Good Day Dear Reader,

On this rainy day before the official launch party for Tracing the Bones, I want to share my 10 Tips For Writing Chick-Lit (or Really Bad Poetry). I’ve wanted to share it for a while now because it offers to you a tidy and convenient snapshot of how I got to this point as a writer, and it also gives you an example of what you’ll find between the covers of my novels. I get the sense that it was too sad and raw for any bubbly media outlet to publish, so I offer it to you here.

  1. Have a shitty childhood. Your mother should be largely absent, emotionally and/or physically. You definitely want daddy issues. Your father is hypercritical and withholds love. Develop crushes on pop stars and actors. Spend hours daydreaming about being rescued from your boring, shitty life in ways that include airports, limousines and an adoring crowd who love you for reasons you have yet to invent. Marinate in a toxic stew of love-starved neediness. Abandon your arithmetic. Glaze over when reading textbook passages about polar bears and Native Americans. Confuse attention with love. Kiss posters. Make a scrapbook of celebrity hunks.
  2. Suffer an early loss of virginity, preferably while on vacation with Issue Daddy, post-divorce. After a fumbling and painful coitus with an older townie whose surname you’ve already taken in your mind, return to your hotel room. This should be after midnight. Your ass burns with a blossoming rash from the sand, or the concrete deck by the pool. Your braces gleam with a misplaced sense of accomplishment. Your lavender training bra is twisted and possibly inside out. You likely receive your father in his underwear, fuming and ready to murder you. Spend this momentous time running from him and locking yourself in the bathroom. While he screams at you for being a whore, regard yourself in the mirror. Watch as tears roll down your sunburnt cheeks and promise that one day you’ll SHOW HIM.

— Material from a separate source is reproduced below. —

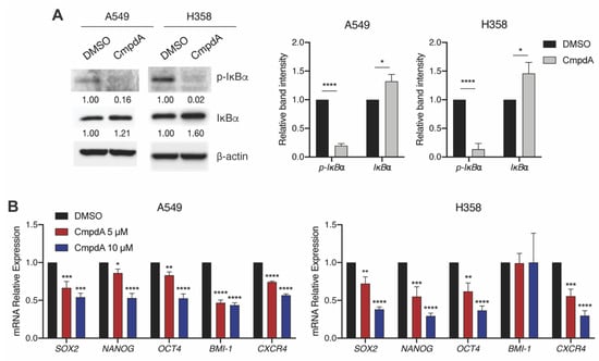 IKKβ targeting reduces the expression of stemness-associated genes in KRAS-mutant lung cancer cells. (A) Western blotting of A549 and H358 cells treated with 0.1% DMSO or 5 µM Compound A (CmpdA) for 30 min. Antibodies were used as indicated. Nitrocellulose membrane was cut before probing with the respective primary antibody and full membrane blots are presented in Figure S2. Representative western blots are shown. Protein bands were quantitated and normalized to the reference samples (0.1% DMSO-treated samples) using Image J software. (B) A549 and H358 cells were treated with 0.1% DMSO or the indicated concentrations of CmpdA for 48 h and expression of SOX2, OCT4, NANOG, BMI1, and CXCR4 was evaluated by qRT-PCR using β-ACTIN as endogenous control. Bar graphs represent average ±1 SD of three independent experiments (n = 3). Statistical significance was determined by one-way ANOVA with a post hoc Turkey test. (* p < 0.5, ** p < 0.01, *** p < 0.001, **** p < 0.0001) by comparing CmpdA-treated groups with the DMSO-treated group.

  3. Major in art, theatre or poetry at college. Make sure you choose a concentration that will assure you absolutely zero money-making potential upon graduation. After all, even if you don’t know it consciously, you are here to nab a husband. Stay old-fashioned but pose as a feminist. Cut your hair short. Wear black lipstick. Get a tattoo of something benign but pretty on your ankle, like grapes. Speak out of turn in class and get passed-out drunk on Midori sours at least three nights a week. During your bedridden hangovers, doodle in your sketchbook portraits of your future anarchist husband. Overeat. Hate yourself. Have unprotected sex with at least two guys in the same week. Maybe one of them is a bartender. You do it in his hot tub. The other guy is on the university football team. He has a bed shaped like a race car and one morning he steals your bicycle.
  4. Have an affair with a republican grad student who, through his cunnilingual prowess, delivers you to such a heightened state of arousal and orgasm that you can’t help but forgive his saggy ass and onion breath. His medium-sized penis is magical, even if his hair resembles an old scouring pad. At first you don’t care that he’s engaged to be married. You just want him for the sex. But when his fiancee visits campus and you see how tall and thin she is you are JEALOUS. Now you threaten to tell her everything. During a party that the three of you attend, Sponge Head Saggy Pants grips your upper arm and hisses at you that he doesn’t care. She won’t believe you anyway. You’re nothing but a silly desperate slut. After this exchange you realize you’re in love.
  5. Graduate by the skin of your teeth. Have an identity crisis as you slowly realize that none of your education amounts to anything in the real world. Free-fall through a cyclone of dead-end jobs—craft service, editing company receptionist, art gallery receptionist, assistant kindergarten teacher, financial company temp, part-time librarian, law firm temp…
  6. Fall in and out of depression. Develop mind-altering crushes on unattainable men, both living and dead, famous and civilian. Sabotage your self-esteem and confidence at every turn. Blame the world for doing this to you. Hate your parents. Try to love Tolstoy, Sylvia Plath and Sartre.
  7. Go to therapy for twelve years. Insist on a sliding scale payment option.
  8. Decide to become an actress. Have a brief affair with the director of an independent short. Admire his tattoos as he has you do one more take of “the urination scene,” which he insists you do for real. As you crouch over a mound of dirt in a public city park with your leather miniskirt hiked up to your nipples, chuckle to yourself about how jealous your grade school friends would be if they could see you now.
  9. In your twelfth year of therapy, wake from a typical afternoon nap as if waking from a twenty-year nightmare. Have an epiphany that no man can ever make you happy—or unhappy for that matter. Weepily scribble the details of your profound enlightenment as another realization slowly dawns on you. Your period is a week late.
  10. Recover from your first and hopefully only abortion in a hotel room at Niagara Falls. Your mother has driven you here. There is nothing left of your romantic dreams. You are alone, bereft, and it is time to rebuild. Open your laptop and begin.